= Direct historical approach =

Archaeological methodology seeking historical continuity

The direct historical approach to archaeology was a methodology developed in the United States of America during the 1920s-1930s by William Duncan Strong and others, which argued that knowledge relating to historical periods is extended back into earlier times. This methodology involves taking an archaeological site that has historical accounts relating to recent periods of occupation and then excavating it to establish continuity back into prehistoric times. The historical data then becomes the basis of analogy and homology for the study of the prehistoric communities at both the particular site and other sites in the region. The main issue with the approach is that in many parts of the world there is no direct continuity between historically documented communities and the prehistoric occupants of the region.

==Background==
In the nineteenth century, the archaeological record of the Americas was viewed as an extension into the past of the ethnographically documented record. Human behaviors of the archaeological past were seen as nearly identical to those described ethnographically and thus, they could be studied with minimal training in archaeology. The result of this particular view was the development and regular use of what came to be known as the direct historical approach.

Roland B. Dixon was seen as an early proponent of this approach.
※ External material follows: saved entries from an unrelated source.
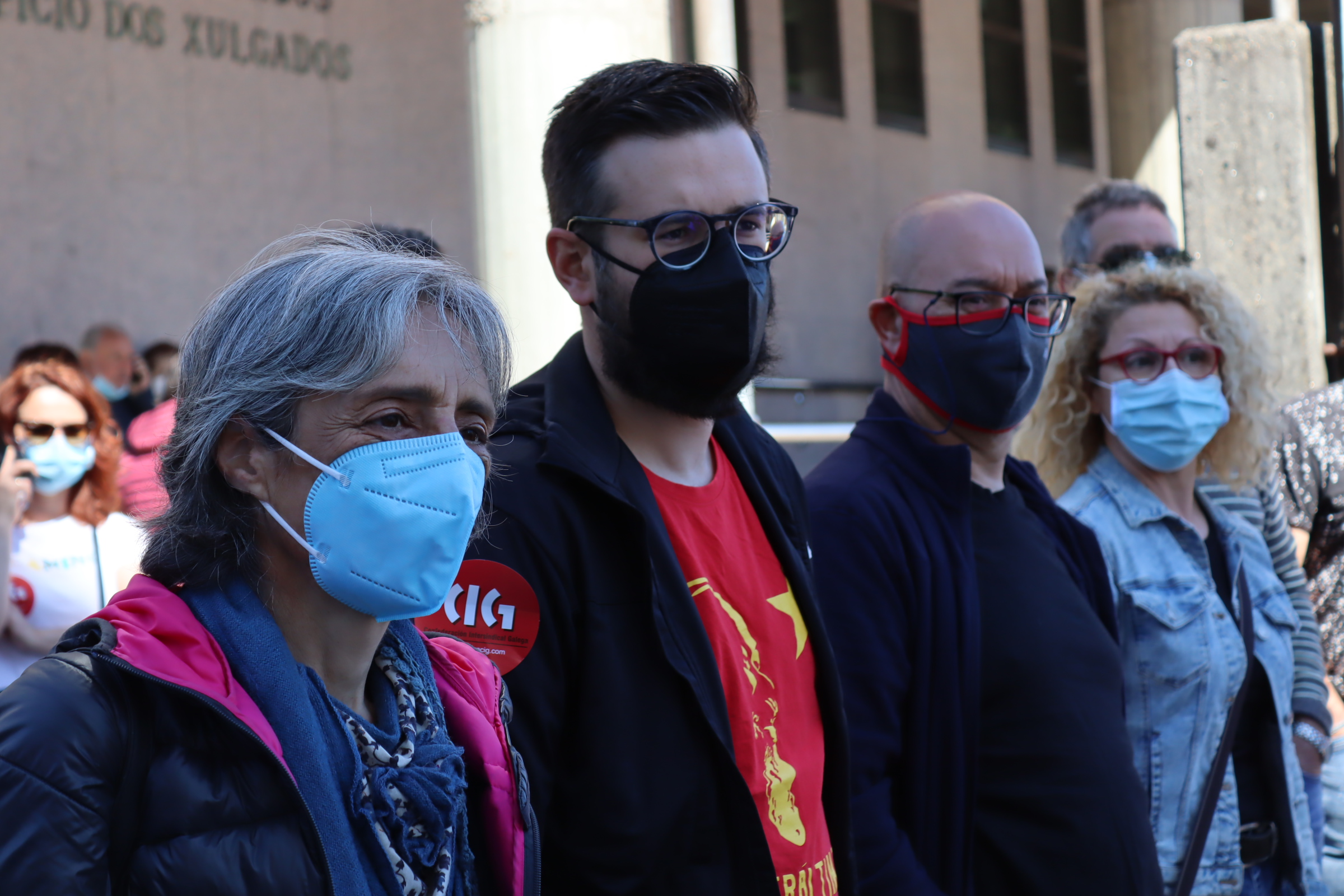 Delegados/as da CIG mobilizáronse hoxe diante do Xulgado do Social de Vigo coincidindo coa celebración do xuízo para dirimir o recurso presentado pola central sindical contra a amoestación a unha empregada do Centro Industrial do Porriño de Nueva Pescanova que denunciou acoso sexual e laboral na empresa.
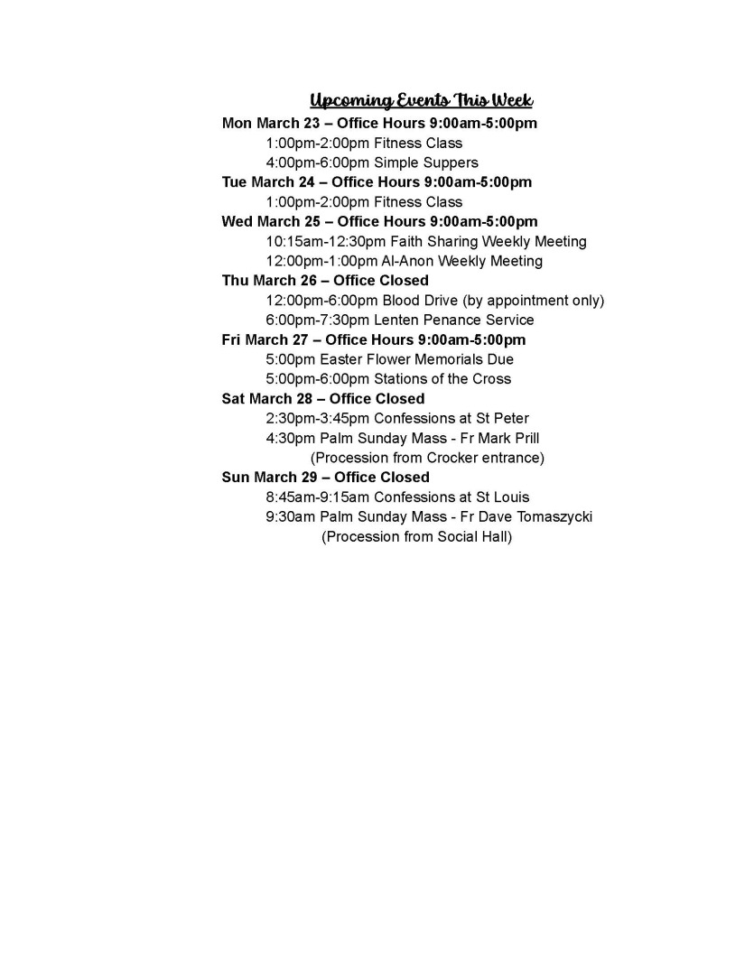 Palm Sunday Weekend - No Rosary before Mass
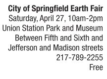 ENVIRONMENT | Keen on green Celebrate Earth Day with the City of Springfield at Earth Fair on Saturday, April 27. Activities will be held downtown this year at Union Station Museum and Park just west of the Abraham Lincoln Presidential Museum. Browse an array of vendors who will offer environmentally friendly products and services available in our area. Bring your bicycle to get it fixed, create a reused art project and view a recycled art exhibit inside the old train depot. There will be kids’ activities and CWLP Energy Services will again host the Great Refrigerator Roundup Decorating Contest. Vote via a paperless voting booth for your favorite decorated refrigerator by middle and high school students. Zero Waste Challenge is the theme of this year’s Earth Fair, held rain or shine. Learn to reduce your carbon footprint while having fun. See also

In his presidential address to the American Anthropological Association he stated: “one would logically proceed to investigate a [number of sites of known ethnic affiliation], and work back from these,” because it “is only through the known that we can comprehend the unknown, only from a study of the present that we can understand the past.” Strong, who later became attributed to this particular methodology, argued that Dixon set forth the procedure of the direct historical approach. Strong would later go on to say that “once the archeological criteria of [a historically documented] culture had been determined, it [is] then possible to advance from the known and historic into the unknown and prehistoric.”

Oddly, the direct historical approach rarely appears in histories of American anthropology. Similarly, very few texts point out that the direct historical approach was used for three distinct purposes. In American archaeology these were: (1) to identify the cultural association of an archaeological manifestation; (2) to construct relative chronologies of archaeological materials; and (3) to understand the human behaviors that were thought to have produced particular portions of the archaeological record.

==The Direct Historical Approach as a Cultural Identifier==
After the peak of the direct historical approach, Willey wrote about its use as a means of assigning ethnic identity to archaeological phenomena. He explained: “through a series of successive periods prehistoric cultures were linked to proto-historic, historic, and modern descendants. This type of study, sometimes called the ‘direct historical approach,’ has a theoretical basis in cultural continuity. Starting with known, documented habitation sites, certain cultural assemblages were identified and associated with particular tribal groups. Earlier archaeological assemblages were then sought which were not too sharply divergent from the known historic ones, and the procedure was followed backwards in time…The establishment of prehistoric-to-historic continuity is of utmost importance as a springboard for further archaeological interpretation, and, along with general chronological and distributive studies, it is one of the primary historical problems for the American archaeologist.”

Most famously, Cyrus Thomas used the reasoning of the direct historical approach to demonstrate that various earthworks scattered across the eastern and midwestern portions of America (mounds) were produced by the direct genetic and cultural ancestors of historically documented ethnic groups (the indigenous peoples of the Americas).

==The Direct Historical Approach in Establishing Chronology==
In much the same way that the direct historical approach was used to demonstrate ancestor-descendant relationships, it was also used to measure the passage of time (also called chronology). This process involves creating time-based sequences of artifacts by starting with a list of cultural traits related to specific artifact types and then working into the past by determining which traits/artifact types were held by archaeologically represented cultures. Through this theoretical sorting, one can study more than ethnic identification by establishing time-based sequences. After ethnic identification and chronology has been established, the direct historical approach becomes the basis of analogy.

==Issues with the Direct Historical Approach==
There are large parts of the world that are without direct continuity between historically documented communities and the prehistoric occupants of the region. Without this connection, the direct historical approach lacks purpose and is unable to enhance archaeological study. If this is the case, archaeologists rely on other archaeological theories and methods.